The pilot chapter of the game takes place in 19th century England and draws inspiration from Edgar Allen Poe and H.P. Lovecraft. It’s difficult to go wrong with that combo, and their main theme and brief synopsis of the story’s setting show that character development will be key in the success of the game. The identity of the main character and the people in the photos is something to be found out, not something you are told. Kickstarter backers also have access to an Alternate Reality mode of gameplay, which allows them to see different outcomes than the main timeline portrays. Each chapter will be riddled with clues about the next, and the development team is in it for the long haul.
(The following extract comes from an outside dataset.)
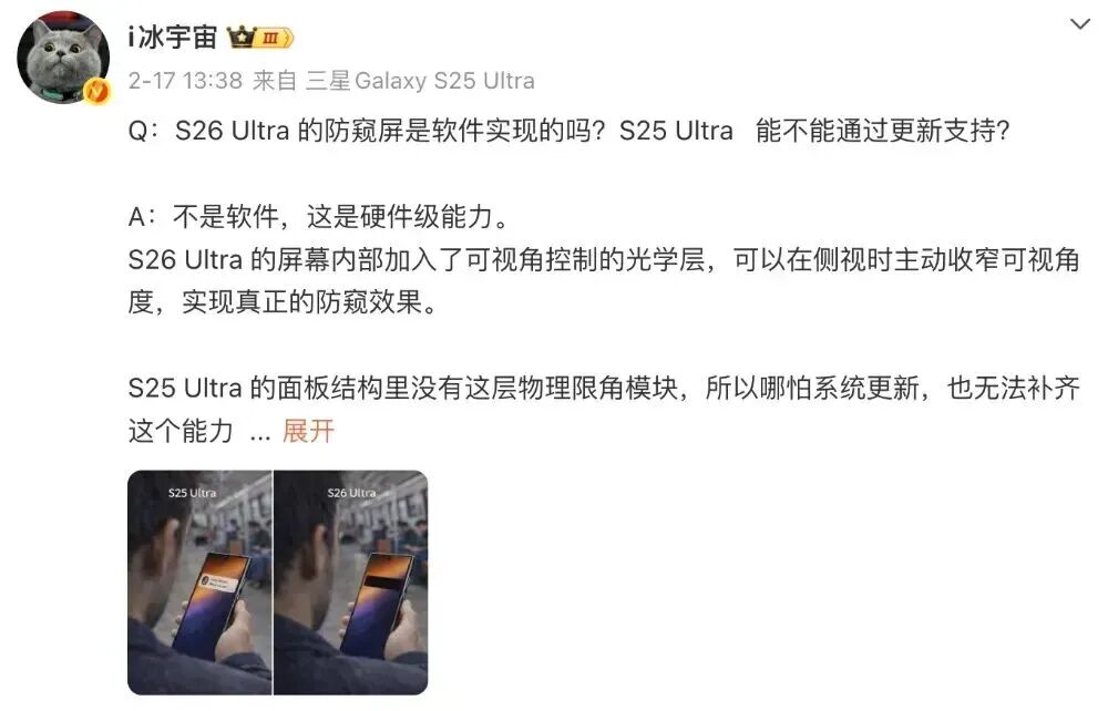 Ultra版还支持全新的隐私防窥屏功能,这项功能能够在电梯、公交、地铁等公共交通工具或其他人流密集的公共场合中自动开启。

Unfortunately, the only thing being funded by Kickstarter is the game’s pilot chapter. If this game is anything like Homestuck (as they describe), there’s a large chance that we’ll see many, many more chapters after that. While having a large amount of updates and chapters is normally a good thing, the coins that they keep beside unlocked chapters in their mock-up of the website makes me nervous. There’s a possibility that they intend to sell extra content directly to gamers—making The Last Door focus on micro sales and passive income, rather than a truly free experience. Hopefully I am wrong about guessing this—they could still make these coins available in the game or through mini games, after all.

With luck, this game should stay as a truly free experience, much like Homestuck. Releasing small games in increments will take much more than what they’re asking, but hopefully the developers will be able to sustain themselves through advertising or the community so that they can continue to release chapters. Releasing a game as a webcomic is a rare and difficult achievement, so if you are interested in seeing it happen, please be sure to give their Kickstarter page a visit. The £10 tier is what will give you access to the Alternate Reality Game, so be sure to consider it.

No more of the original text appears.